As can be seen in Figure 9, both the vocabulary score and the grammar score improved after the text cleaning, but the improvement in the vocabulary score was more pronounced because after we corrected the text, there were no more misspelled words in the text, so the vocabulary score went up considerably. For grammar scores, our text cleaning did not change the grammatical structure of the original text, so grammar scores increased only slightly. Figure 10 shows the word error rate of our text before and after text cleaning of 100 manually transcribed utterances, as well as the average word and grammar score before and after cleaning and the comparison between the mean lexical and grammatical score before and after the cleaning. Laplacian Gaussian operator is a kind of second-order derivative operator, which will produce a steep zero crossing at the edge. Laplacian operator is isotropic and can sharpen boundaries and lines in any direction without direction sex.
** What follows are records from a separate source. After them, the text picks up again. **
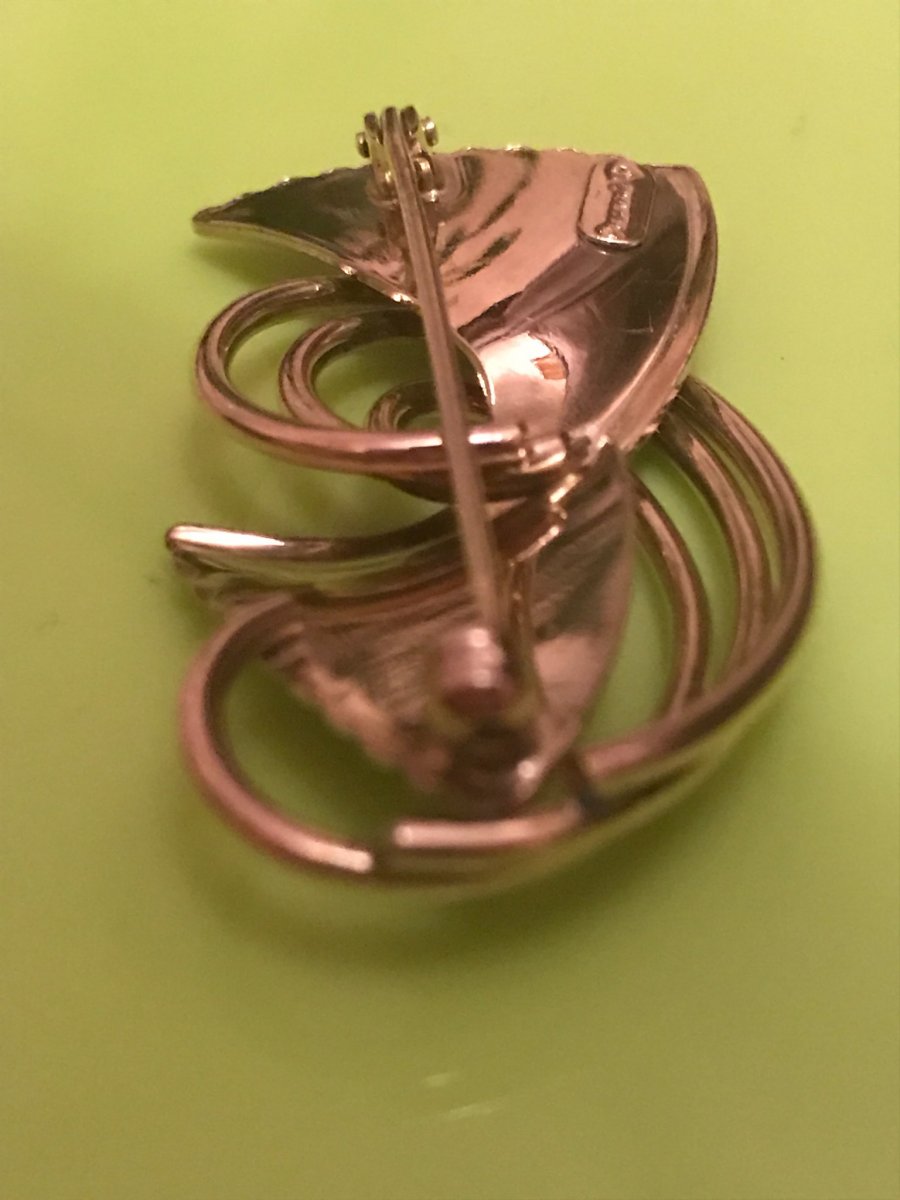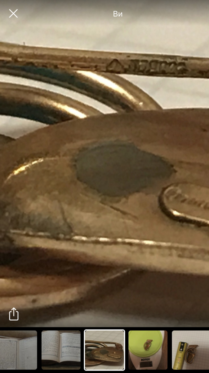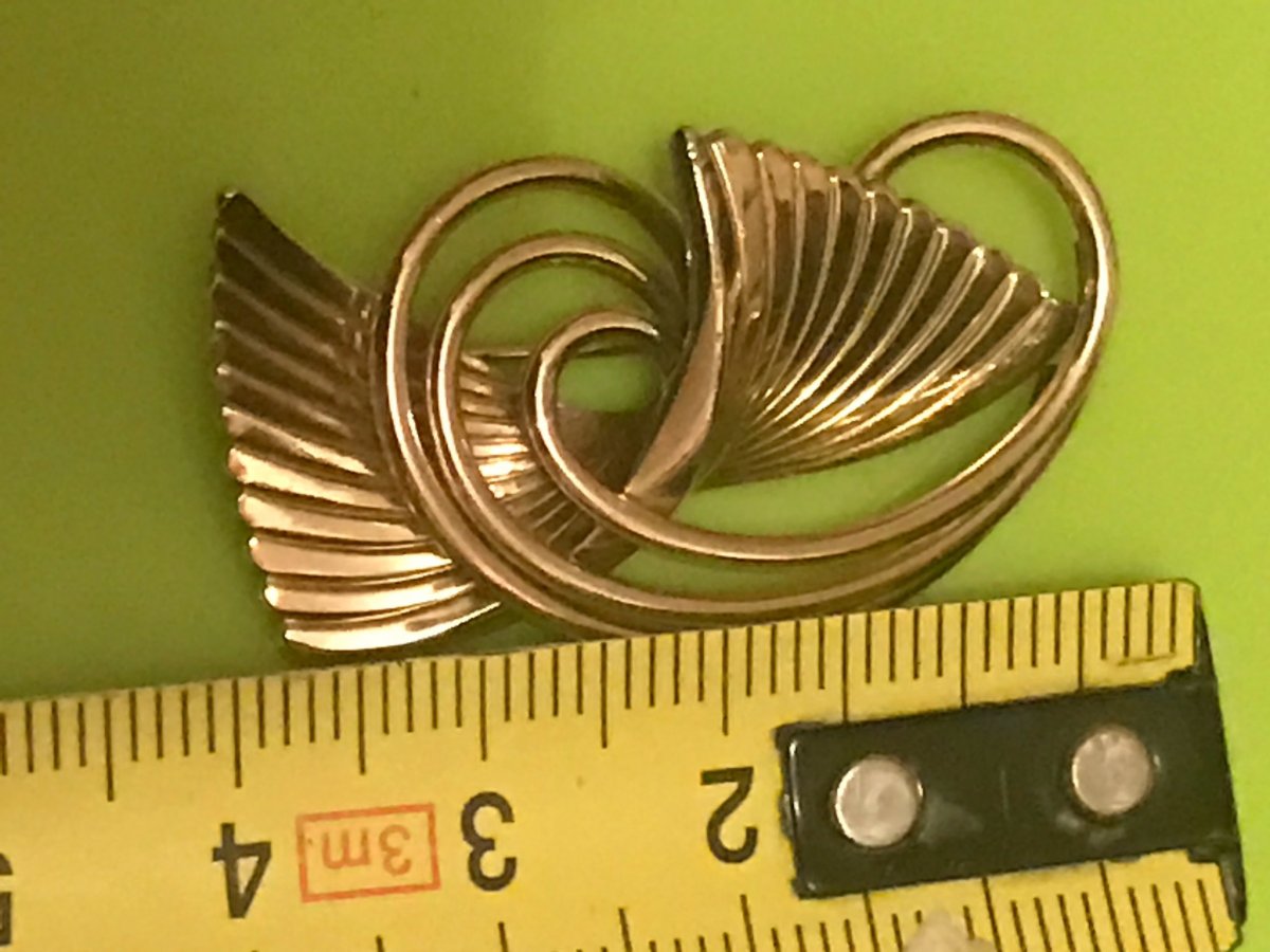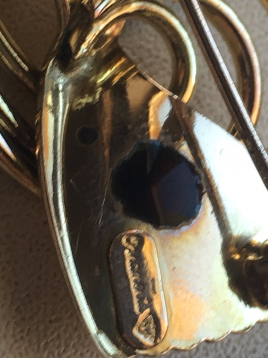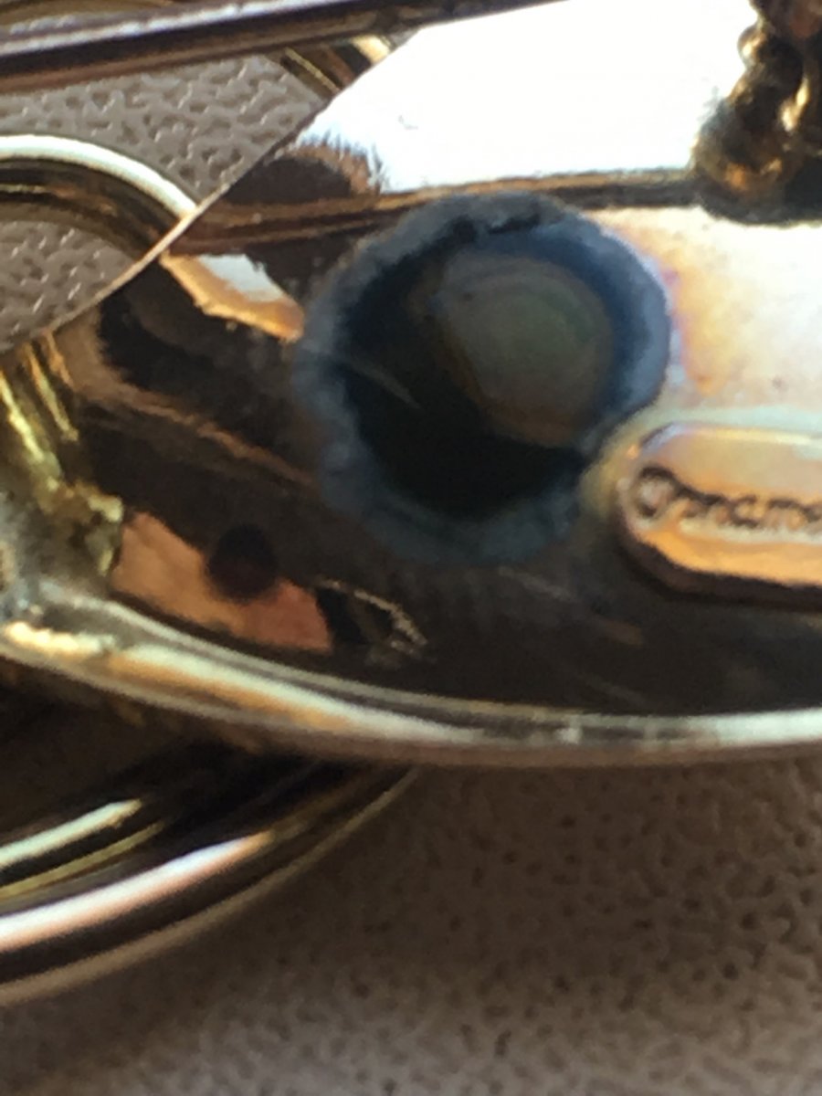 Подскажите пожалуйста по брошке,вес 7 грам желтого цвета,на иголке стоит проба, немного вытерта 375, или 379, еще есть надпись (возможно на итальянском) "ornamenta" и какое-то клеймо но на фото не получается заснять. Капнул йодом реакция йод не светлеет,после высыхания остается черное пятно.Подскажите пожалуйста что за брошка и каких годов? Заранее спасибо.
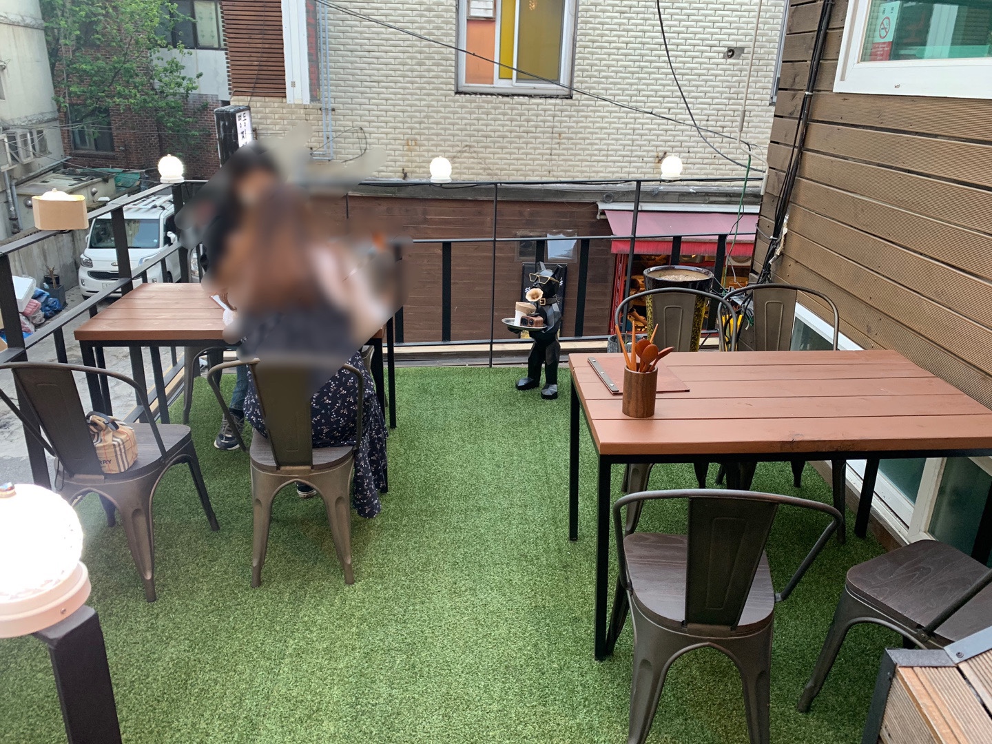 그런데 방문한 날 미세먼지가 그냥 눈에 보일 정도였고, 비도 오려고 해서 결국 테라스에는 못 앉았고, 내부 문 앞자리에 앉았다ㅠㅠ 테라스에는 두 팀 정도 앉을 수 있는 공간이 있고, 나름 분위기도 괜찮아 보였다. (다음에는 테라스에...)
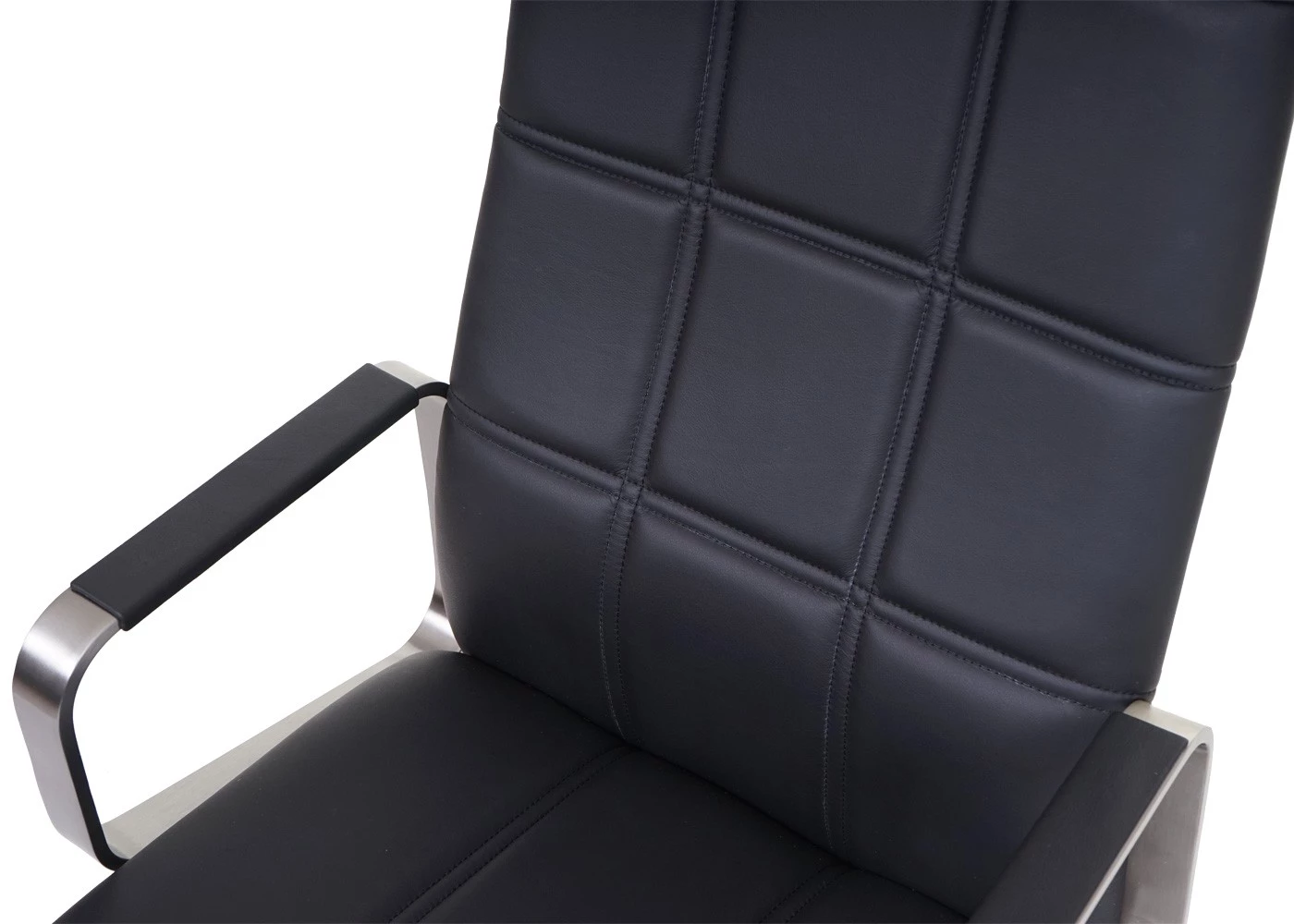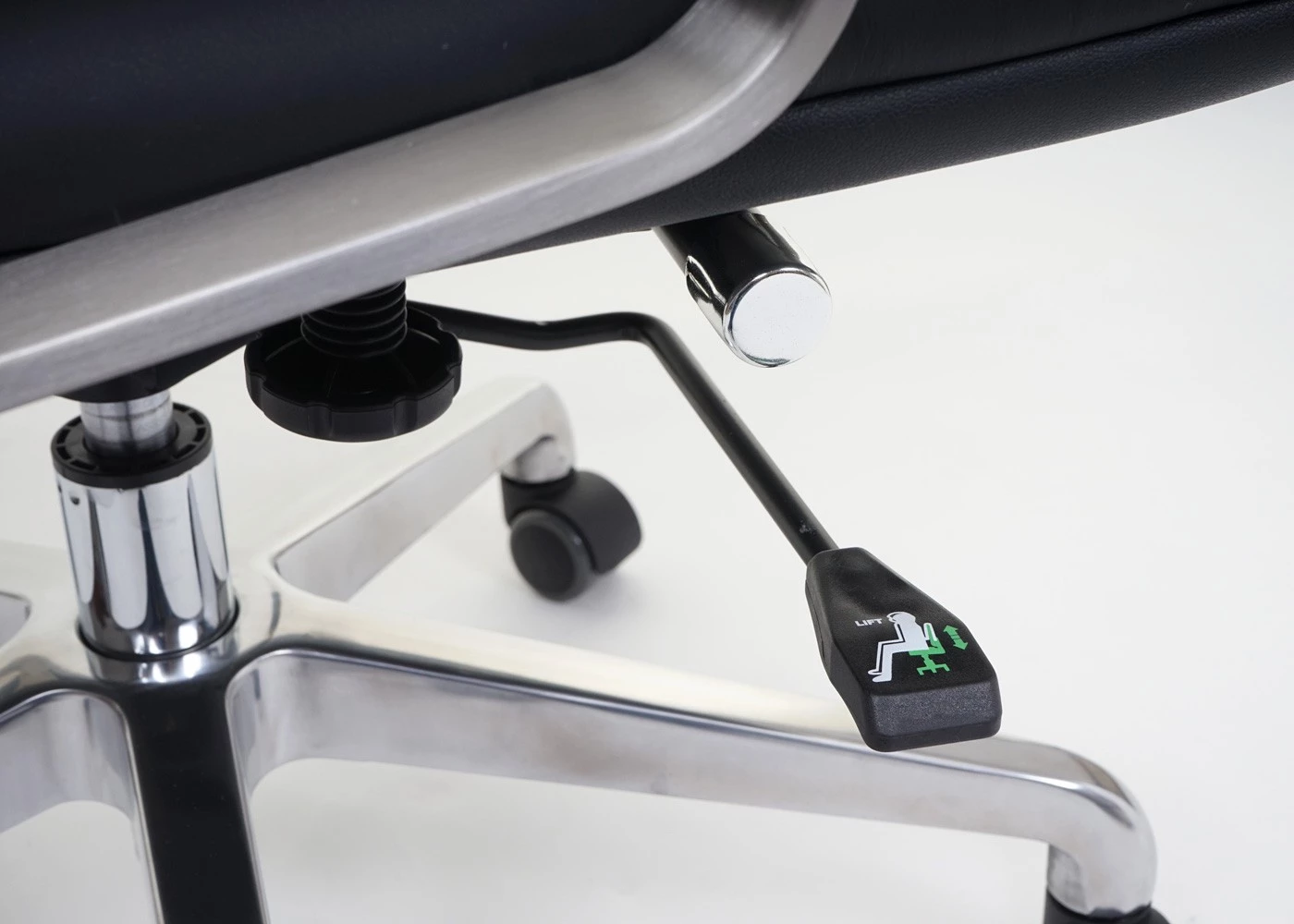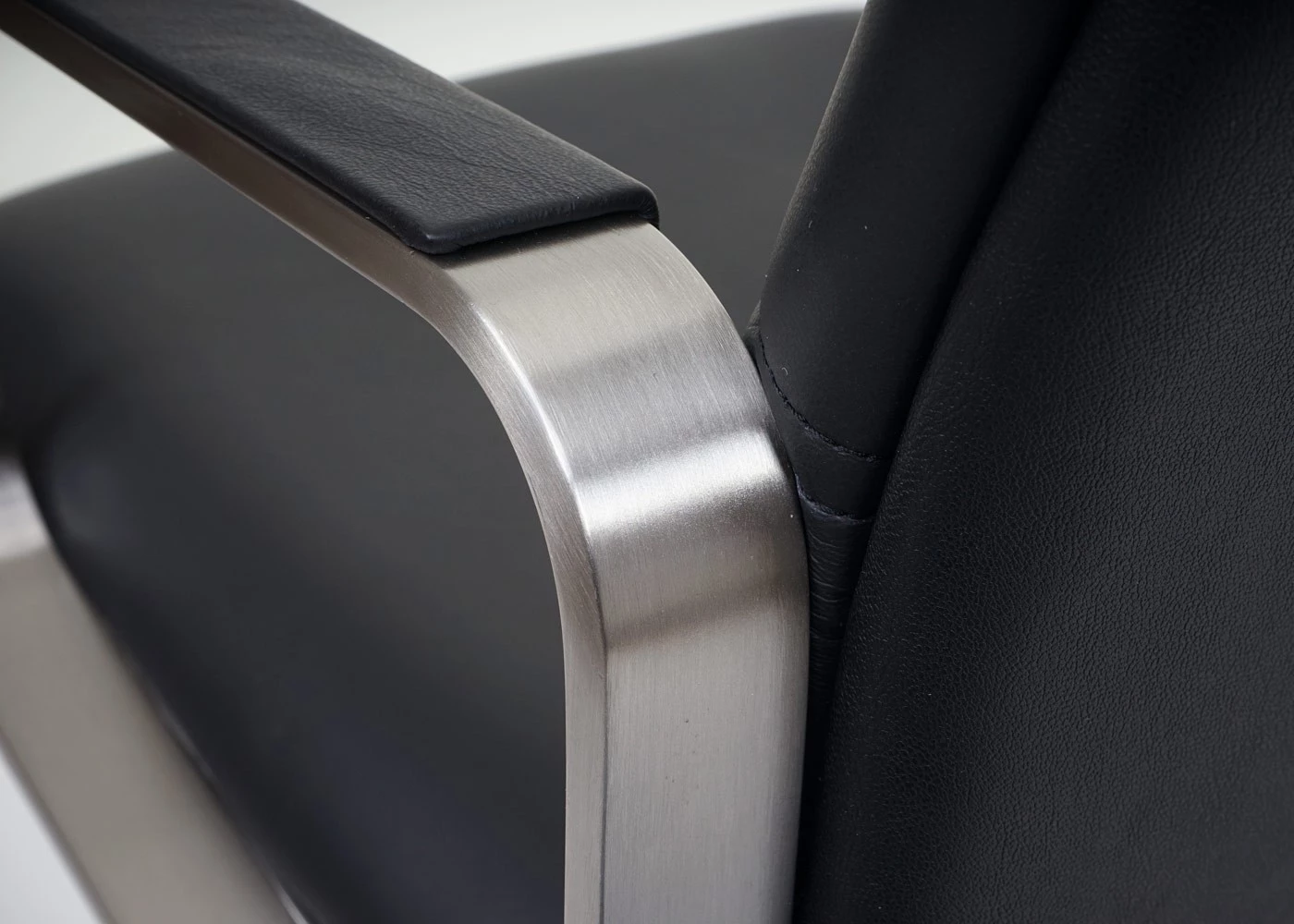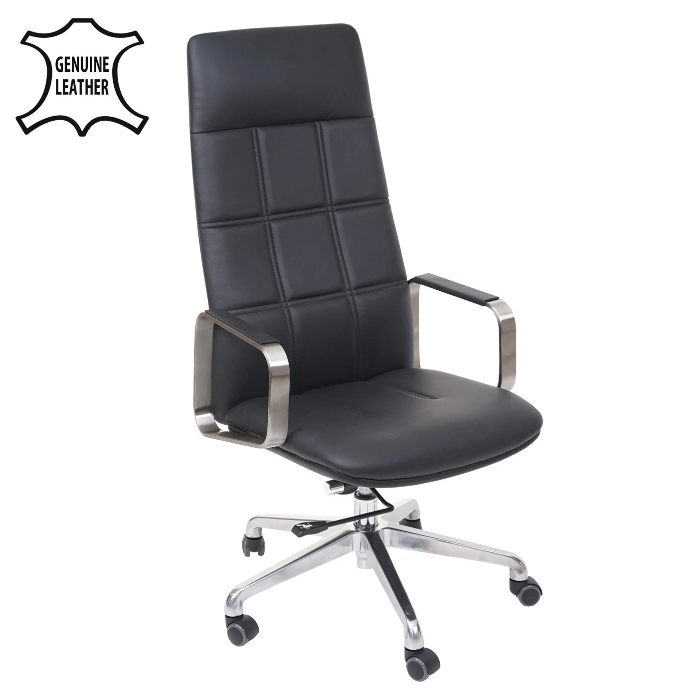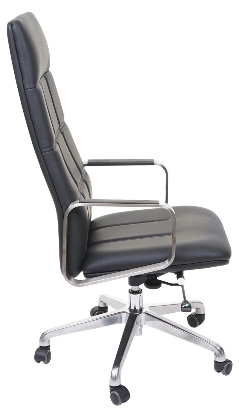Dieser Bürostuhl in modernem und elegantem Design ist nicht nur etwas fürs Auge, sondern erfüllt höchste Ansprüche in Sachen Komfort und Stabilität. Wir präsentieren Ihnen einen gelungen Materialmix aus Leder und Edelstahl. Die Armlehnen sind aus gebürstetem Edelstahl, der Bezug aus elegantem Leder. Die ergonomisch geformte Sitz- und Rückenfläche sorgen dafür, dass Sie innerhalb kürzester Zeit Ihre perfekte Sitzposition finden und über viele Stunden hinweg entspannt arbeiten können. Abgerundet wird das Gesamtbild durch das stabile Fußkreuz, das noch etwas zusätzliche Eleganz im Erscheinungsbild schafft.
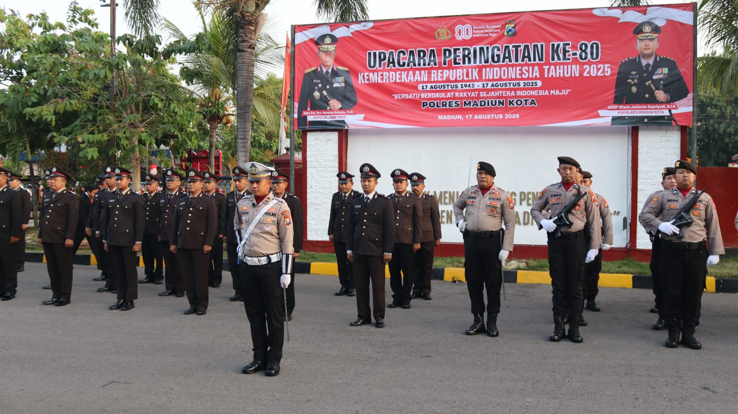 KOTA MADIUN, BUSERJATIM. COM GROUP — Dalam nuansa penuh semangat nasionalisme, Wakil Kepala Kepolisian Resor (Wakapolres) Madiun Kota, Kompol Dr.I Gusti Agung Ananta,.SH,.SIK,.MH, memimpin langsung upacara peringatan Hari Ulang Tahun ke-80 Kemerdekaan Republik Indonesia yang digelar di halaman Mapolres Madiun Kota, Minggu pagi (17/8).
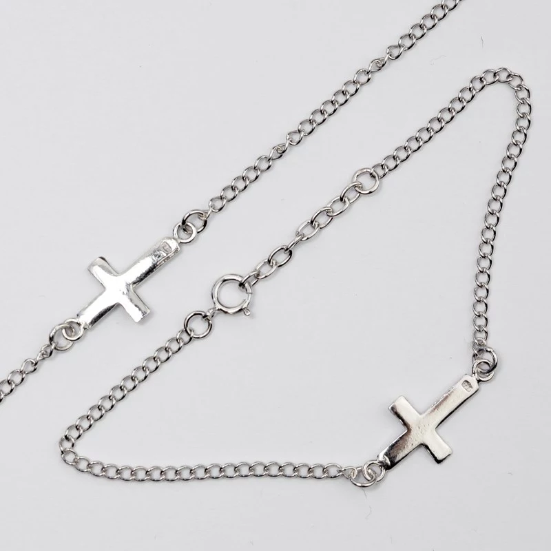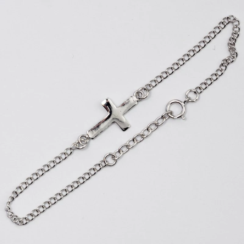 Stříbrný náramek s motivem křížku. Délka náramku je 18 cm. Rozměry středového motivu jsou 17 x 10 mm. Sbalit popis

This is the biggest advantage that distinguishes Laplacian operator from other algorithms.

The boost classification model has better accuracy, precision, recall, and F-value score than the support vector machine and decision tree models. Finally, the experiments are conducted using the boost classification model in which the model has better accuracy, precision, recall, and F-value score than the support vector machine and decision tree models. The accuracy rate reflects the percentage of cases that are predicted to be positive by the model and the percentage of cases that are predicted to be positive by the original sample. In this paper, the sample size of the test set in which the model identifies the similarity between the reference answer score text and the student-response text is 82.68%, indicating that the model has good accuracy in predicting the similarity between the reference answer and the student response. The recall rate reflects the fact that the model correctly identified only 60% of similar references and student-response text pairs, indicating that the model is not very good at identifying manually marked text. This may be due to a possible bias in the score of the manually marked reference answers. The F-value is a weighted summed average of recall and accuracy, which reflects a combination of accuracy and recall.

4. Conclusion

When the test and training speech lengths are sufficient, speaker recognition can achieve a good recognition result. In everyday life, the length of the speaker’s test speech tends to be short. Currently, to make speech recognition technology more user-friendly, researchers have started to focus on short speech speaker recognition. This paper focuses on the detailed analysis and research on feature extraction and model selection for short speech speaker recognition, mainly using a variety of features as input features of the acoustic model and experimental simulation through the built short speech speaker recognition system, and finally verifying the effectiveness of the improved short speech speaker recognition algorithm. The selection of the matching model has a direct impact on the performance of the speaker recognition system. The feature parameters extracted from the speaker’s speech signal can be used for speaker identification only when the corresponding speaker model is constructed. Since the GMM-UBM model cannot suppress the interference of channel variation on speaker recognition and the length of the test speech is less than 10 s, the extracted feature parameters do not fully fit the speaker feature distribution, and the I-Vector-based speaker recognition model does not strictly distinguish between speaker variation information and channel variation information. The I-Vector model also reduces the computational complexity to some extent by transforming the high-dimensional feature space into a low-dimensional vector for study. Experiments demonstrate that the I-Vector-based speaker recognition system has better robustness in testing short speech conditions.

Data Availability

The data used to support the findings of this study are available from the corresponding author upon request.

Conflicts of Interest

The author declares that there are no conflicts of interest reported in this paper.